On parle beaucoup de l’importance de rendre les personnes en situation de handicap autonomes. Comment définiriez-vous l’autonomie ?

Je définis l’autonomie comme étant la capacité d’une personne de faire les bons choix, selon les circonstances, d’assumer ses choix et d’avoir les moyens pour ce faire. On confond souvent autonomie et indépendance. Je ne connais personne qui soit réellement « indépendant ». L’humain est un être qui vit en interdépendance avec son environnement social et physique, avec la nature et tout ce qui la définit. On a souvent dit, faussement d’ailleurs, que vivre seul et de manière indépendante était un idéal à poursuivre pour les personnes handicapées. Mais en réalité, qui veut vraiment vivre seul ? Qui peut se targuer d’être « indépendant ». On aspire tous à vivre en lien avec d’autres personnes qui nous sont plus ou moins significatives et non de vivre isolés. Pour la personne en situation de handicap, l’aspiration à l’autonomie est la même, sauf qu’elle a besoin de compenser ses incapacités pour être autonome.

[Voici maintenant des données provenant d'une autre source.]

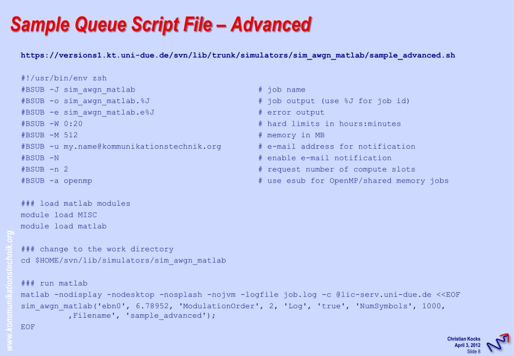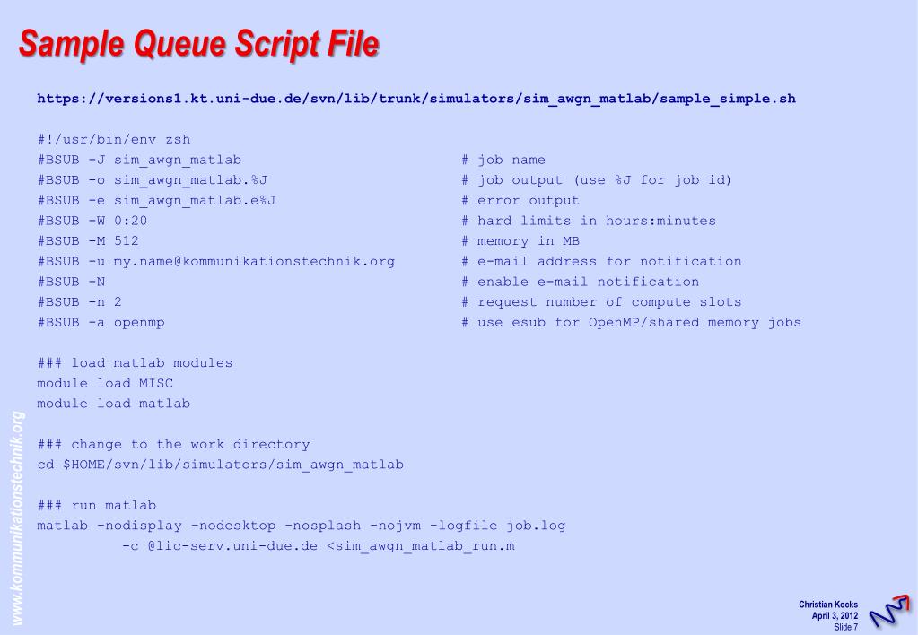 Sample Queue Script File https://versions1.kt.uni-due.de/svn/lib/trunk/simulators/sim_awgn_matlab/sample_simple.sh #!/usr/bin/envzsh #BSUB -J sim_awgn_matlab # jobname #BSUB -o sim_awgn_matlab.%J # joboutput (use %J forjobid) #BSUB -e sim_awgn_matlab.e%J # erroroutput #BSUB -W 0:20 # hardlimits in hours:minutes #BSUB -M 512 # memory in MB #BSUB -u my.name@kommunikationstechnik.org # e-mailaddressfornotification #BSUB -N # enablee-mailnotification #BSUB -n 2 # requestnumberofcomputeslots #BSUB -a openmp # useesubforOpenMP/sharedmemoryjobs ### loadmatlabmodules moduleload MISC moduleloadmatlab ### changetotheworkdirectory cd $HOME/svn/lib/simulators/sim_awgn_matlab ### runmatlab matlab-nodisplay -nodesktop -nosplash -nojvm -logfilejob.log -c @lic-serv.uni-due.de <sim_awgn_matlab_run.m
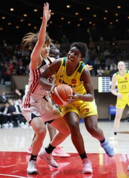 トヨタ自動車―ENEOS 第2クオーター、攻め込むENEOS・馬瓜(右)=代々木第二体育館
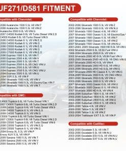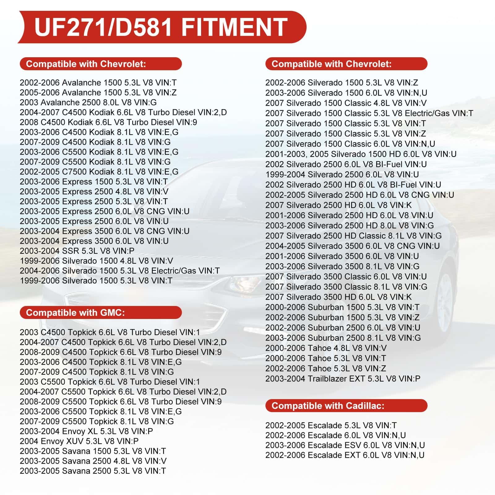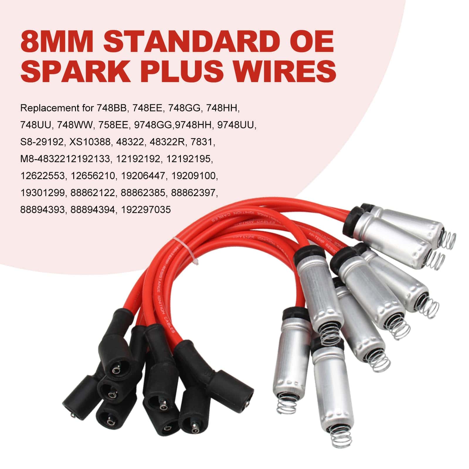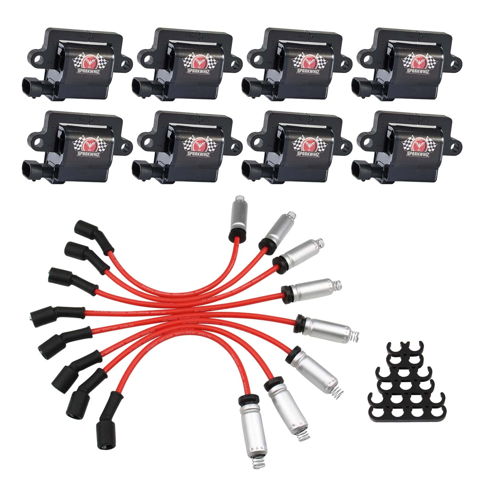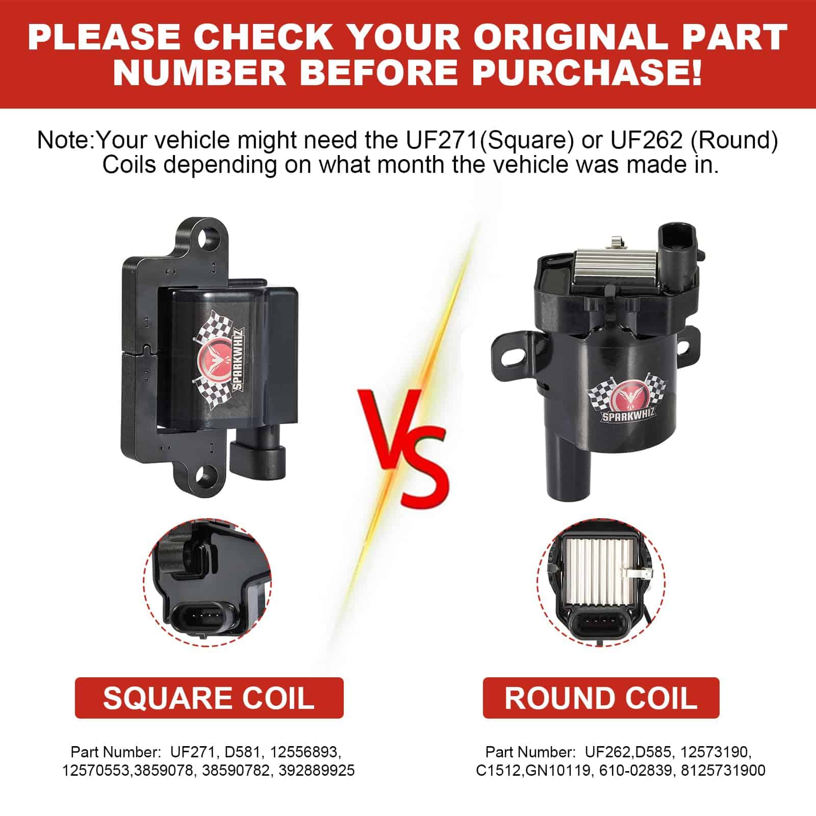 Por favor, tenga en cuenta: el mismo tipo de vehículo puede utilizar diferentes formas de bobina, CUADRADA (UF271/D581) o REDONDA (UF262/D585). Para evitar problemas de instalación, también debe verificar en el compartimiento del motor la forma de la bobina. Este ASIN es de bobinas cuadradas (UF271/D581). Número de piezas de repuesto: UF271, D581, 12556893, 12558693, C1208, GN10298, UF271, 52-1618, 5C1083, C1208, E226, 12570553, 3859078, 392889925, C1208, 38590782, 9748HH, 9748UU, 9748RR, 88862385. Compatible con Chevrolet Avalanche 2002-2006, Silverado 1999-2007, Tahoe 2000-2006, Express 2003-2006, SSR 2003-2004, Suburban 2000-2006, Monte Carlo 2006, Sonora 2003-2004, Trailblazer 2003-2004. Compatible con GMC Envoy XL 2003-2004, Savana 1500 2500 3500 2003-2007, Sierra 1500 1999-2006, Sierra 1500 Classic 2007, compatible con Hummer H2 2003-2007, compatible con Mercruiser 2001-2007. Este kit proporciona una durabilidad excelente para soportar diversas condiciones de conducción exigentes. Incluye la bobina de encendido de alto rendimiento UF271, que está fabricada con bobinas de cobre alemán y envuelta en goma de poliéster duradera; cables de bujía estándar de 8 mm.
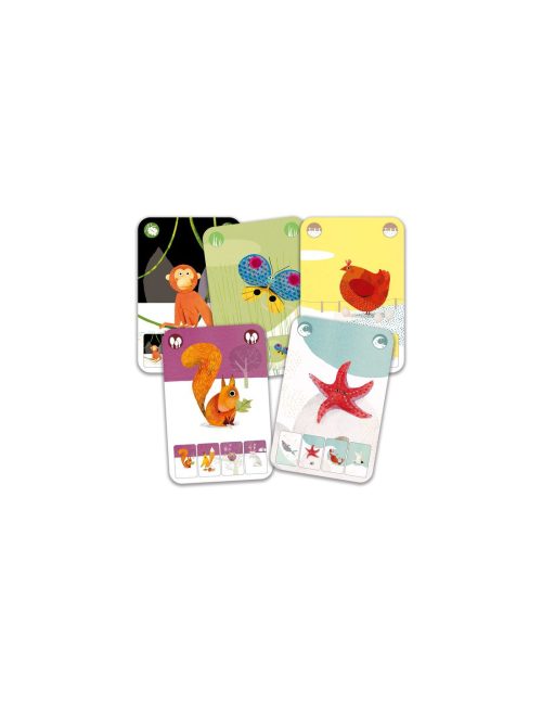 Un jeu de 7 familles coopératif où tous les joueurs jouent ensemble contre le loup. Pour gagner, il faut reconstituer les 7 familles d’animaux avant que les 6 cartes loup n’aient été retournées !

Le fauteuil électrique de plus en plus visible dans nos quartiers, combiné avec des trottoirs accessibles, sont un exemple de moyens techniques qui permettent à bien des personnes de maintenir ou d’acquérir une autonomie en terme de mobilité, mais aussi une autonomie dans les activités du quotidien. Pour la personne aux prises avec des difficultés psychiques, la compensation permettant l’autonomie peut passer, par exemple, par un passage d’une logique de prise en charge à une logique d’accompagnement dans la vie quotidienne, d’une logique de protection à une logique de soutien, d’une logique de « réparation » ou de guérison à une logique d’adaptation et de réadaptation. Offrir à la personne en situation de handicap psychique la possibilité de se créer et de maintenir un réseau social, compenser ses incapacités par des adaptations de structures, d’encadrement et de rythmes de travail, valoriser son image en la plaçant dans des situations de succès et des milieux de vie attrayants, accessibles et sécurisant, autant de moyens pour lui donner des chances d’atteindre un niveau d’autonomie qui réponde à ses aspirations personnelles. Il s’agit là d’une réorganisation de la participation sociale.